The call returns an ibv_mr:

// libibverbs/include/infiniband/verbs.h:448
struct ibv_mr {
    struct ibv_context     *context;
    struct ibv_pd          *pd;
    void                   *addr;     // registered virtual address
    size_t                  length;
    uint32_t                handle;   // kernel-side handle
    uint32_t                lkey;     // Local Key
    uint32_t                rkey;     // Remote Key
};

The two essential outputs are the lkey and rkey. Think of them as hotel keycards: you (the MR owner) ask the front desk (the NIC) to make a keycard (rkey) and hand it to the guest (the remote peer). The guest swipes the card to enter your room; without the card, the door stays locked. You can also choose to issue a read-only card (REMOTE_READ) or a card that supports both read and write (REMOTE_READ | REMOTE_WRITE).

lkey: used in ibv_sge.lkey when posting WRs; the local NIC uses it to look up entries in the MTT and verify permissions.
rkey: shared out-of-band (via SEND/RECV, TCP, etc.) with the remote side. The remote peer fills it into wr.rdma.rkey when it issues RDMA_WRITE / RDMA_READ; the remote NIC uses it to validate authorizations and walk its MTT.

Local post of RDMA_WRITE:
  sge.addr   = local_buf         ← where the data is read from
  sge.lkey   = local_mr->lkey    ← local NIC uses this to look up the local MTT
  wr.remote_addr = remote_buf    ← the destination on the remote side
  wr.rkey    = remote_mr->rkey   ← remote NIC uses this to validate and locate the remote MR

Access flags

// libibverbs/include/infiniband/verbs.h:402
enum ibv_access_flags {
    IBV_ACCESS_LOCAL_WRITE   = 1,       // local NIC may write (needed for RECV buffers or local RDMA_READ targets)
    IBV_ACCESS_REMOTE_WRITE  = (1<<1),  // allow remote RDMA_WRITE
    IBV_ACCESS_REMOTE_READ   = (1<<2),  // allow remote RDMA_READ
    IBV_ACCESS_REMOTE_ATOMIC = (1<<3),  // allow remote atomic operations
    IBV_ACCESS_ON_DEMAND     = (1<<6),  // ODP on-demand paging, no pinning (special usage)
};

Hardware rule: REMOTE_WRITE must be paired with LOCAL_WRITE. Remote writes are ultimately DMA writes performed by the local NIC. Without LOCAL_WRITE, the NIC rejects the request.

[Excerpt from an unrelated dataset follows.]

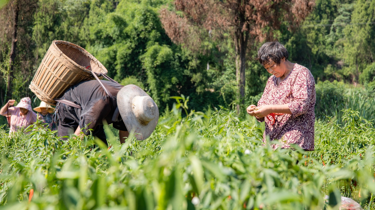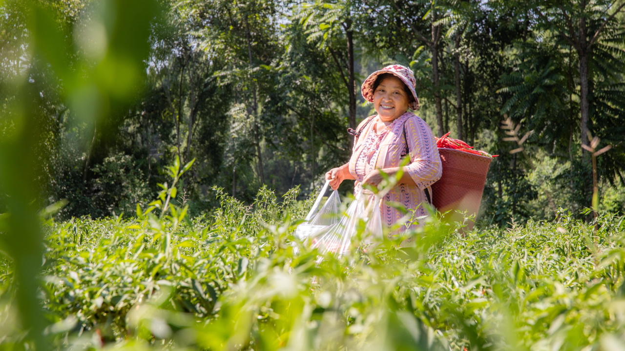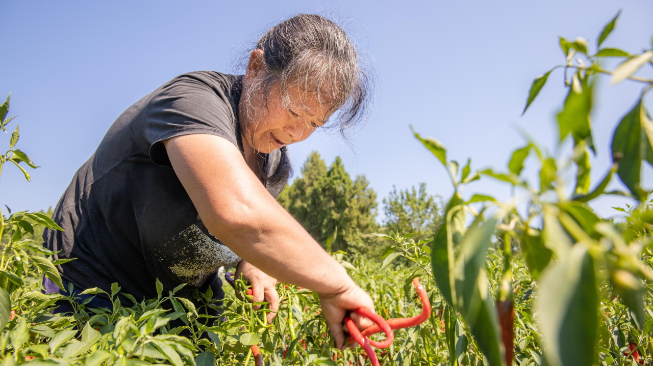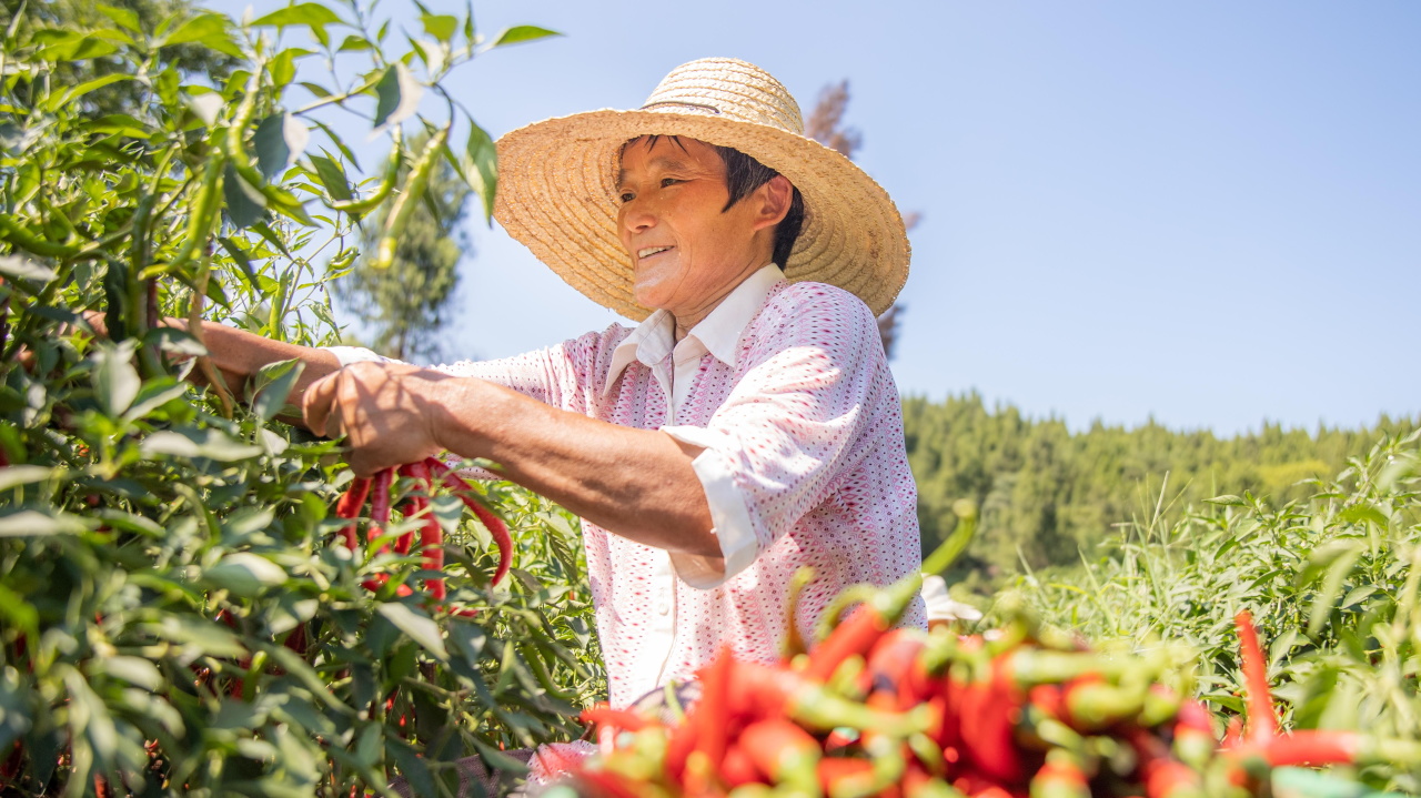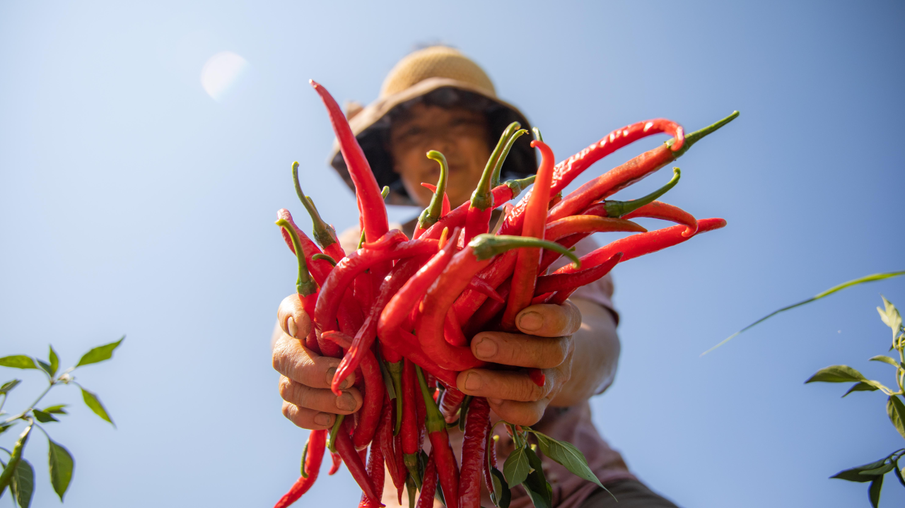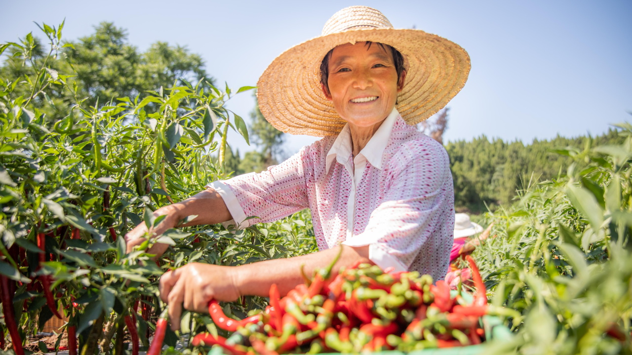 红彤彤的辣椒映得她笑容格外灿烂

Local read is always enabled by default and does not need to be set explicitly.

Registration costs

Registration is not free:

ibv_reg_mr traverses page tables and calls get_user_pages, so it goes through the syscall path. On a CX7 NIC, registering a buffer is around 40GB/s (after the pages are faulted in—pure registration overhead). In other words, registering a 40GB buffer takes about 1 second per NIC, or 8 seconds if you register it on eight NICs.
Pinned pages cannot be swapped or migrated between NUMA nodes, reducing available system memory.
Each MR consumes entries in the NIC’s MTT; device_attr.max_mr limits how many you can have.

For these reasons, practice is to register large buffers in advance and reuse them, rather than registering/deregistering for each transfer. Huge pages also reduce registration overhead by decreasing the number of pages in the page table.

Deregistration

int ibv_dereg_mr(struct ibv_mr *mr);

This unpins the pages and frees the NIC’s MTT entries. Ensure no in-flight WRs still reference this MR when you deregister it.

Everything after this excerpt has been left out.